Try it
Beginning with the line that has "Room with painting" and ending with the line that has "- основной эффект", retype the entries below exactly, except for the pictures.

Records shown
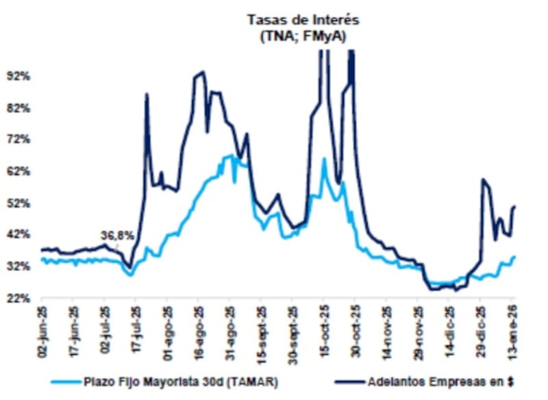 Este proceso se trasladó a las tasas en pesos del sistema financiero, aunque sun siguen siendo niveles de tasa de interés elevado.
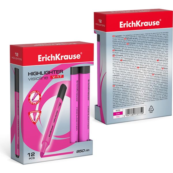 Текстмаркер розовый, неоновый, ШЛ 0.6-4.5 мм, н-к "клин", трехгр. корпус, ErichKrause Visioline V-17
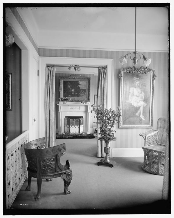 Room with painting of child, roses, and portiere
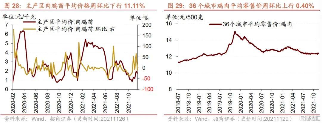 在肉鸡养殖方面,肉鸡苗价格下行,鸡肉价格上行。截至11月26日,主产区肉鸡苗平均价格为1.76元/羽,较上周下行11.11%;截至11月29日,36个城市平均鸡肉零售价格为12.45元/500克,周环比上行0.40%。
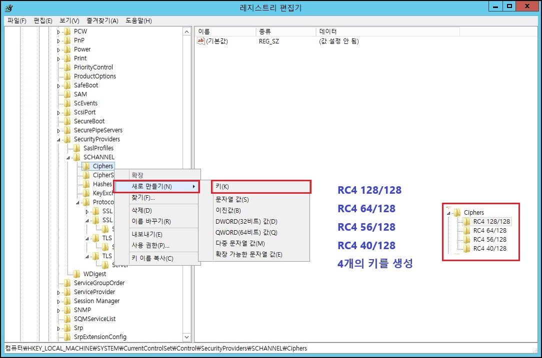 - "Ciphers" 우클릭 → 새로 만들기 → 키(K) 이름을 각각 아래처럼 만듭니다
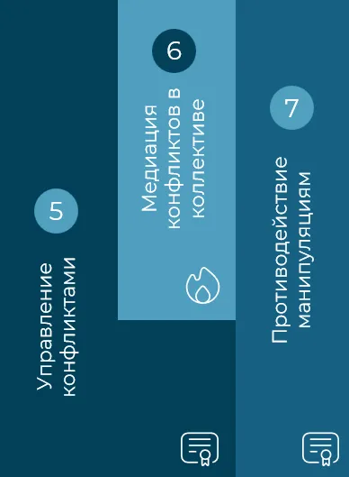 - основной эффект от тренинга: Повышение результативности и эффективности разрешения сложных конфликтов в организации за счет внутренней способности руководства
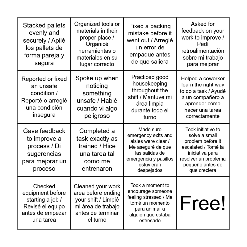 This bingo card has 23 words: Free!, Asked a coworker for help when unsure of something / Le pedí ayuda a un compañero cuando no estaba seguro de algo, Helped a coworker learn the right way to do a task / Ayudé a un compañero a aprender cómo hacer una tarea correctamente, Reminded someone about safe lifting techniques / Le recordé a alguien cómo levantar cosas de forma segura, Reported or fixed an unsafe condition / Reporté o arreglé una condición insegura, Stacked pallets evenly and securely / Apilé los pallets de forma pareja y segura, Spoke up when noticing something unsafe / Hablé cuando vi algo peligroso, Organized tools or materials in their proper place / Organicé herramientas o materiales en su lugar correcto, Checked equipment before starting a job / Revisé el equipo antes de empezar una tarea, Asked questions to clarify instructions / Hice preguntas para entender mejor las instrucciones, Completed a task exactly as trained / Hice una tarea tal como me entrenaron, Gave feedback to improve a process / Di sugerencias para mejorar un proceso, Took responsibility for correcting a mistake / Me hice responsable de corregir un error, Followed safe lifting procedures when moving heavy items / Usé las técnicas correctas para levantar cosas pesadas, Cleaned your work area before ending your shift / Limpié mi área de trabajo antes de terminar el turno, Reminded someone to wear their PPE / Le recordé a alguien que se pusiera su equipo de protección, Fixed a packing mistake before it went out / Arreglé un error de empaque antes de que saliera, Made sure emergency exits and aisles were clear / Me aseguré de que las salidas de emergencia y pasillos estuvieran despejados, Practiced good housekeeping throughout the shift / Mantuve mi área limpia durante todo el turno, Took initiative to solve a small problem before it escalated / Tomé la iniciativa para resolver un problema pequeño antes de que creciera, Asked for feedback on your work to improve / Pedí retroalimentación sobre mi trabajo para mejorar, Took a moment to encourage someone feeling stressed / Me tomé un momento para animar a alguien que estaba estresado and Took time to organize your workspace for better flow / Organicé mi área de trabajo para que fuera más eficiente.

Task result
 Room with painting of child, roses, and portiere
 在肉鸡养殖方面,肉鸡苗价格下行,鸡肉价格上行。截至11月26日,主产区肉鸡苗平均价格为1.76元/羽,较上周下行11.11%;截至11月29日,36个城市平均鸡肉零售价格为12.45元/500克,周环比上行0.40%。
 - "Ciphers" 우클릭 → 새로 만들기 → 키(K) 이름을 각각 아래처럼 만듭니다
 - основной эффект от тренинга: Повышение результативности и эффективности разрешения сложных конфликтов в организации за счет внутренней способности руководства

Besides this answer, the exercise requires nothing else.